**Assigned task:**
Below this task are records; return each one exactly and omit its images.

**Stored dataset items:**
——————————

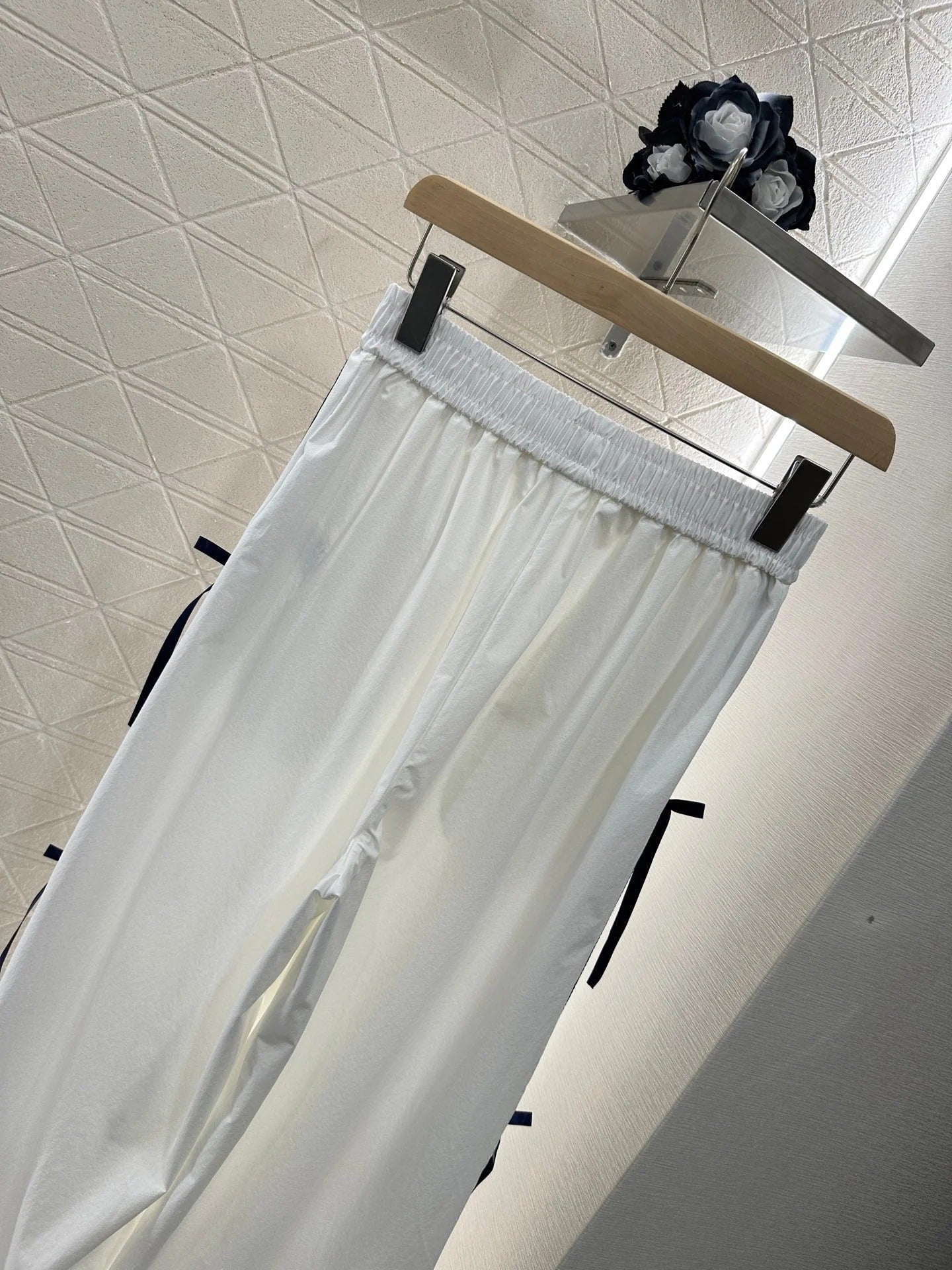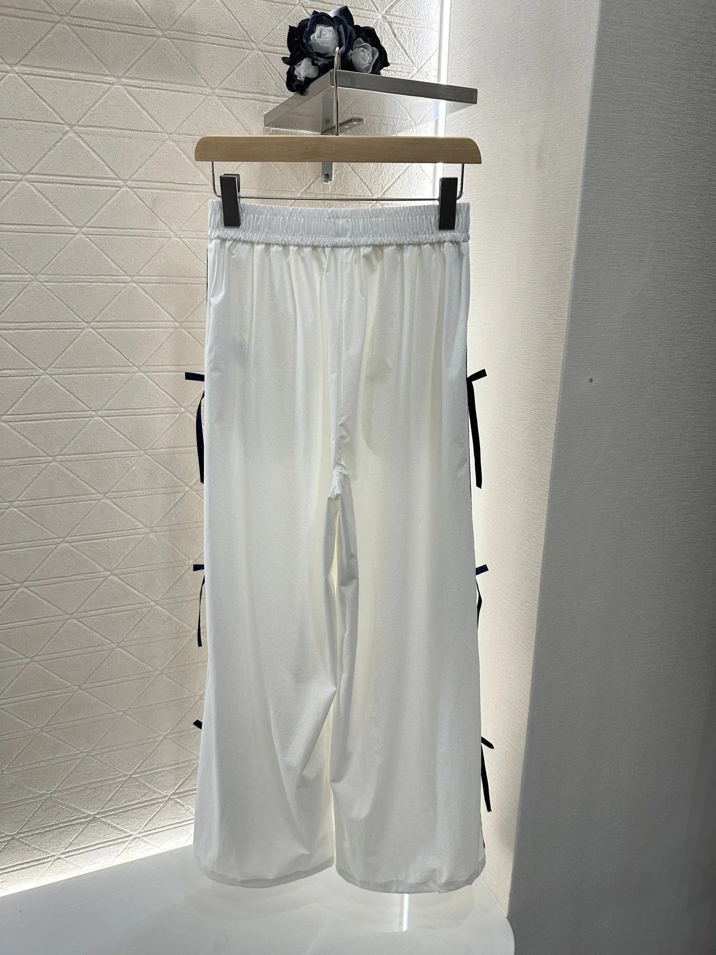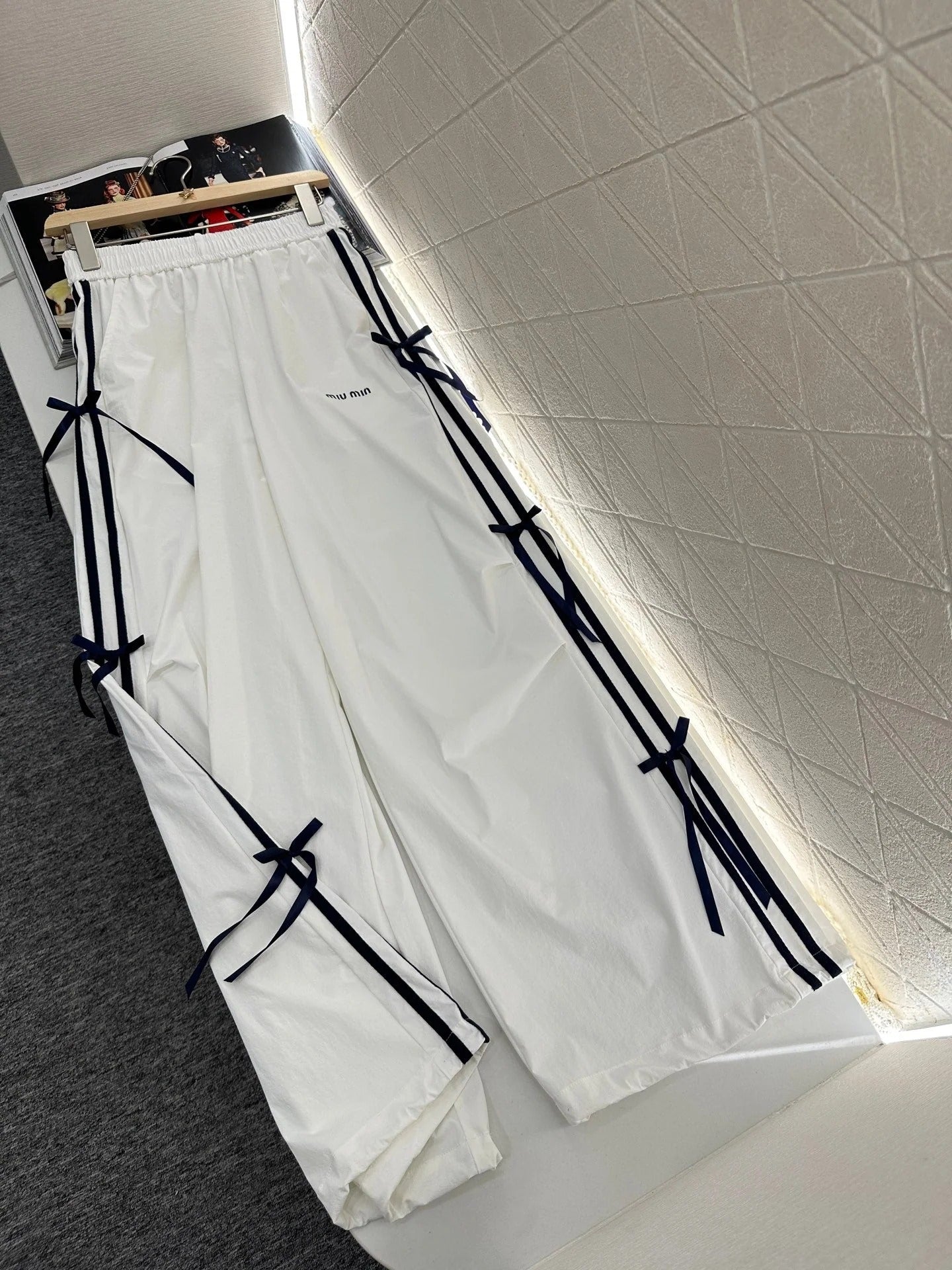 MIUMIU HIGH-WAISTED WIDE-LEG PANTS WITH BOW 276654
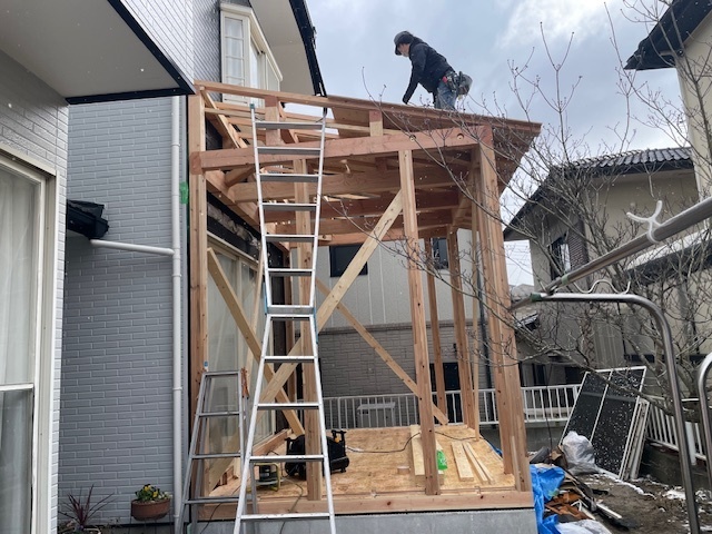 何とか天気も持ってくれて上棟終わりました。明日は透湿シートやサイディングなどの外壁工事です。ルーフィングも屋根職人が貼ってくれたので安心です。サッシも設置完了しました。またアップします。
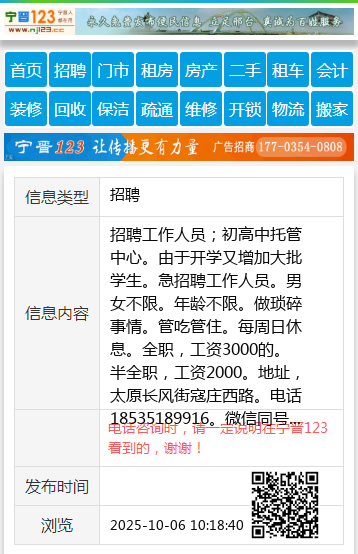 招聘工作人员;初高中托管中心。由于开学又增加大批学生。急招聘工作人员。
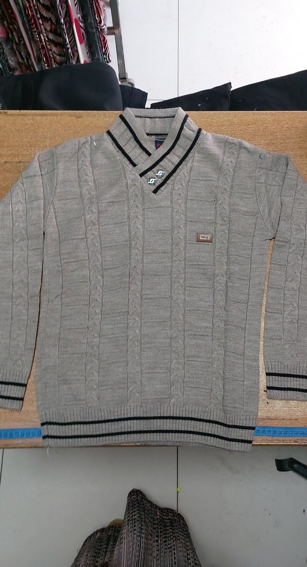 Gri renkli, V yakalı, uzun kollu örme erkek kazak. çizgili detaylara sahip, günlük kullanıma uygun rahat stil.
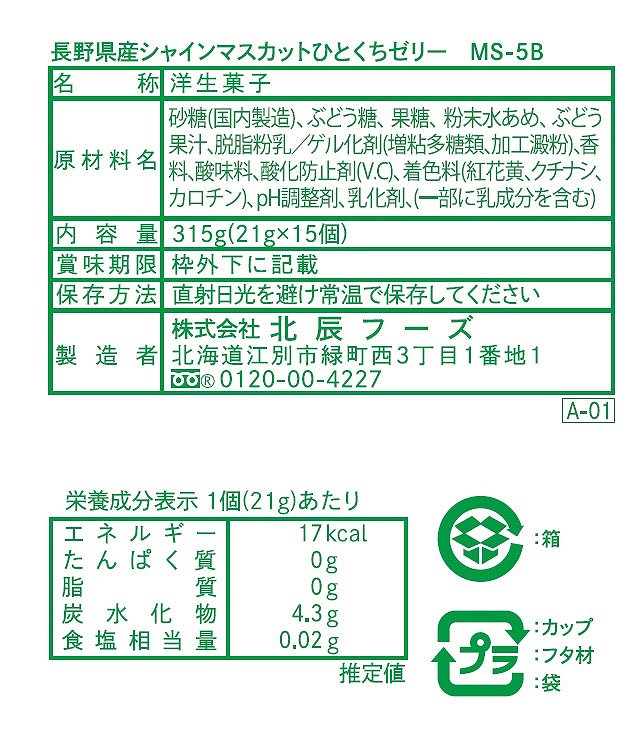 長野県産シャインマスカット ひとくちゼリー15個入
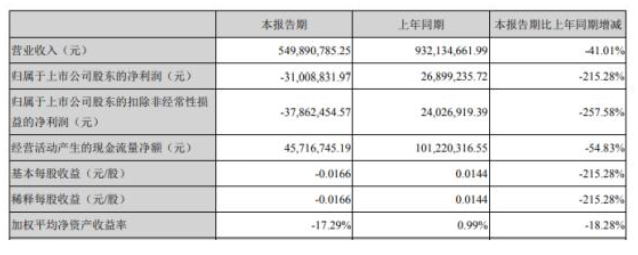 據(jù)了解,報(bào)告期內(nèi)實(shí)現(xiàn)營(yíng)收549,890,785.25元,同比下滑41.01%;報(bào)告期較上年同期合并范圍減少。
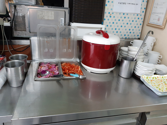 종업원이 여러명 있긴 하지만 반찬과 국은 셀프로 갖다 먹어야 합니다. 요즘에는 셀프가 대세다 보니 익숙한 풍경같기고 합니다. 사실 먹고 싶은 찬만 갖다 먹는게 남기지 않고 좋은 현상이기도 하지요.
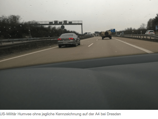 | “US military Humvee on the A4 near Dresden. No markings at all” |
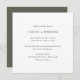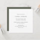 Faire-part de mariage carré simple et élégante. Texte en italique noir et en bloc avec dos vert sauge foncé.
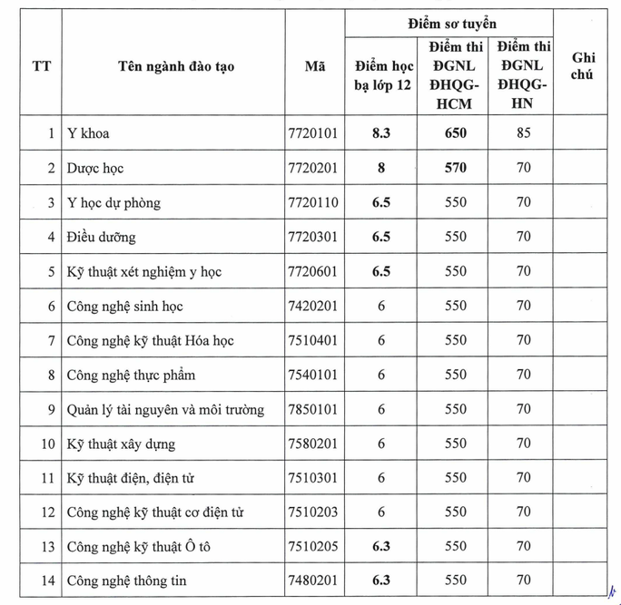 Cụ thể, điểm chuẩn ngành Dược là 24 điểm, các ngành Điều dưỡng và Kỹ thuật xét nghiệm y học là 19,5 điểm. Tất cả các ngành còn lại mức điểm chuẩn 18 điểm. Mức điểm chuẩn này đã bao gồm điểm ưu tiên.

——————————

**Answer for the task:**
 MIUMIU HIGH-WAISTED WIDE-LEG PANTS WITH BOW 276654
 何とか天気も持ってくれて上棟終わりました。明日は透湿シートやサイディングなどの外壁工事です。ルーフィングも屋根職人が貼ってくれたので安心です。サッシも設置完了しました。またアップします。
 招聘工作人员;初高中托管中心。由于开学又增加大批学生。急招聘工作人员。
 Gri renkli, V yakalı, uzun kollu örme erkek kazak. çizgili detaylara sahip, günlük kullanıma uygun rahat stil.
 長野県産シャインマスカット ひとくちゼリー15個入
 據(jù)了解,報(bào)告期內(nèi)實(shí)現(xiàn)營(yíng)收549,890,785.25元,同比下滑41.01%;報(bào)告期較上年同期合并范圍減少。
 종업원이 여러명 있긴 하지만 반찬과 국은 셀프로 갖다 먹어야 합니다. 요즘에는 셀프가 대세다 보니 익숙한 풍경같기고 합니다. 사실 먹고 싶은 찬만 갖다 먹는게 남기지 않고 좋은 현상이기도 하지요.
 | “US military Humvee on the A4 near Dresden. No markings at all” |
 Faire-part de mariage carré simple et élégante. Texte en italique noir et en bloc avec dos vert sauge foncé.
 Cụ thể, điểm chuẩn ngành Dược là 24 điểm, các ngành Điều dưỡng và Kỹ thuật xét nghiệm y học là 19,5 điểm. Tất cả các ngành còn lại mức điểm chuẩn 18 điểm. Mức điểm chuẩn này đã bao gồm điểm ưu tiên.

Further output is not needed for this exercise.